Use Feedback Analysis to Discover Your Strengths

You can only discover your strengths through feedback analysis. When you do something, write down what you expect will happen and then revisit it in 9-12 months to compare the results with your expectations.
This lets you know what your strengths actually are, and then focus on improving them.
Beware of areas where you have intellectual arrogance. Having expertise in one area makes people have contempt for other knowledge areas, or believe being bright is a substitute for knowledge. The typical example is engineers who take pride in not knowing anything about people. Or on the other hand, HR people who may take pride in not knowing subjects like basic accounting. Taking pride in ignorance is self-defeating. Get the skills and knowledge you need to fully realize your strengths.
This does not mean that you start to takeon work in your areas of weakness. You get where you need to support your strengths. It takes more work to go from incompetent to mediocre than it does to go from above average to excellent. Most people focus on their weaknesses instead of further developing their strengths.

Determine If You Are A Decision Maker Or An Advisor?

Some people are great in an advisory role but can’t handle the burden and pressure of making decisions. Others need good advisors to help them think, and then they can make a decision and act on it.
This is why when the #2 person gets promoted to the top spot, they often fail. the top spot needs a decision maker.

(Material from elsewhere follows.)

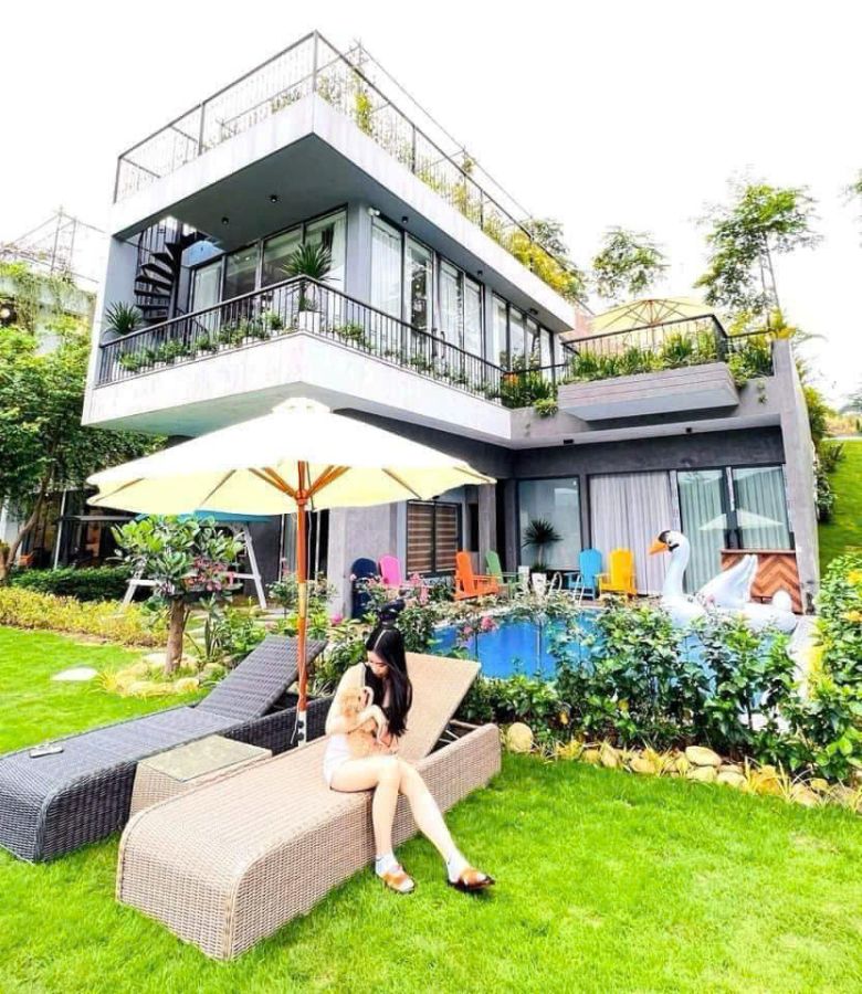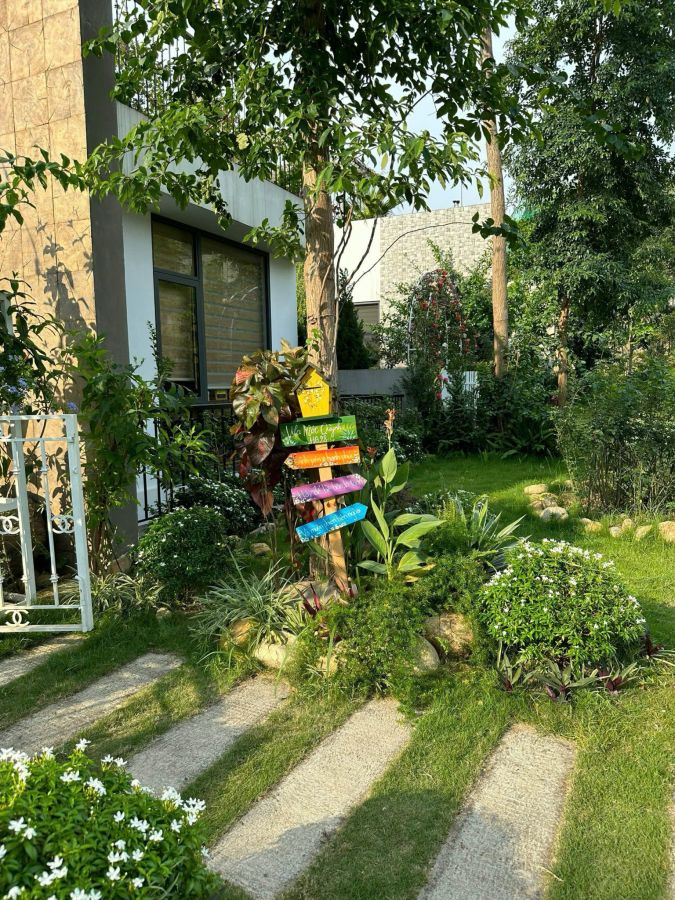 - Căn biệt thự được thiết kế tinh tế, hiện đại nhưng vẫn hoà hợp với thiên nhiên. Trang bị đầy đủ tiện nghi, các phòng ngủ rộng rãi, phòng khách thoáng đãng và sân vườn xanh mát.

Usually a top person will have a solid advisor as their #2.

Prepare For The Second Half Of Your Life

Many people know that they job they’re in is not what they want to do long term. To be able to shift to something else later in life means laying the groundwork early, even if it is on a small part time basis.
Create a parallel job for yourself. It can be volunteering with a nonprofit, some kind of social entrepreneurship initiative, or freelancing. Whatever it is, start early. If you don’t volunteer for a nonprofit before the age of 40, it is highly unlikely that you would do it after the age of 60.
This is important not only to set yourself up to do something more meaningful, but also to give yourself options in times of uncertainty.